狂った依頼主
ヴェルデがデイトン邸の中へ消えた直後から、戦いは始まっていた。
ザウバーとライトは互いに武器を構えにらみ合っていたが、両者はすぐに動き出した。まずザウバーが二挺の拳銃の引き金を引き、ライトの胴を撃ち抜こうと弾丸を発射する。それを予測していたのか、ライトは横に飛んでそれらを躱した。彼が飛び退いた直後、放たれた弾丸は破裂してジグザグの光を放った――妨害用の弾で敵を拘束しようとしたのだ。
「小賢しい」
ライトが吐き捨てるように言うと、彼は大剣の切っ先を地面に打ちつけた。地面が割れ、マイアの刃がザウバーに向かって一直線に伸びる。

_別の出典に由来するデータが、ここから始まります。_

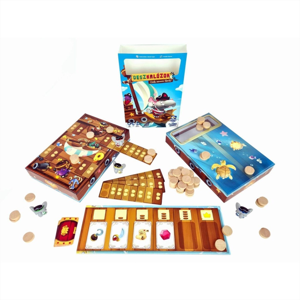 A Deszkalózok – Csak semmi fánik! kedves kockázatvállalós társasjáték gyerekeknek (is). A játékosok kincskártyákat húznak – amíg csak mernek! Ha nem túl mohók, ládákat pakolhatnak ellenfeleik (mágneses) pallóira, hátha vízbe pottyannak!

ザウバーはまた引き金を引き、今度は防御用の弾をマイアの刃に向かって撃ちこむ。弾丸が刃に触れるより先にそれは破裂し、光の粒子でできた壁が刃の進撃を阻んだ。しかし、刃が壁にぶつかると同時に、光の壁は刃とともに霧散してしまった。これによってライトの攻撃の強烈さをザウバーは思い知った。
――『貪食の黒狗』の団長だけあってかなり強いな……
ザウバーの眉間にしわが刻まれる。彼は妨害用の弾を乱射するが、ことごとくライトに避けられる。ライトの背後で光が空しく光るだけである。ある程度距離が離れていると、ライトはザウバーの攻撃を予測してくるようだ。
――ならば……!
ザウバーは防御用の弾丸を放ちながらライトの方へと駆け出した。ライトの前に光の壁が次々とつくりだされていく中、ライトはザウバーと一定の距離を取ろうと後退していく。その中でライトは、ザウバーの目つきが変わったことを見抜いた。
「ようやく本気を出すようだな」
「アンタには本気を出さないと勝てないようだからな」
ザウバーの返事を聞き、ライトは不気味な笑みを浮かべる。
ザウバーは跳躍し、ライトを覆うように影を作った。その銃口は彼の頭に向けられている。
「食らえ!」
ザウバーの指が引き金を引くと、数多の光弾がライトに雨あられと降り注ぎ始めた。しかし、ただ闇雲に撃っているわけではなく、三種類の弾が無作為的に着弾するようになっている。
「そうこなくてはな!」
ライトはザウバーの闘志に応えるかのように大剣を豪快に振るうと、高濃度のマイアを含んだ波動を放った。波動は光弾を次々と切り裂いていくが、防御用の弾に当たったところで爆散した。爆風はザウバーも巻き込み、彼を吹き飛ばす。
「ちぃっ!」
ザウバーは無事着地できたが、そこでライトが襲いかかる。ライトがザウバーに向かって走り始めると瞬時に距離を詰め、ザウバーの懐めがけて大剣を横に薙ぐ。
――まずい!
ザウバーは咄嗟の判断で大剣の刃に発砲、光弾が刃に触れると光の粒子がその場で拡散して彼の身を守った。大剣は粒子の壁に弾かれることなく、ライトは力ずくでそれを破ろうとするが、攻撃が阻まれた一瞬後にはザウバーは飛び退いて距離を取っていた。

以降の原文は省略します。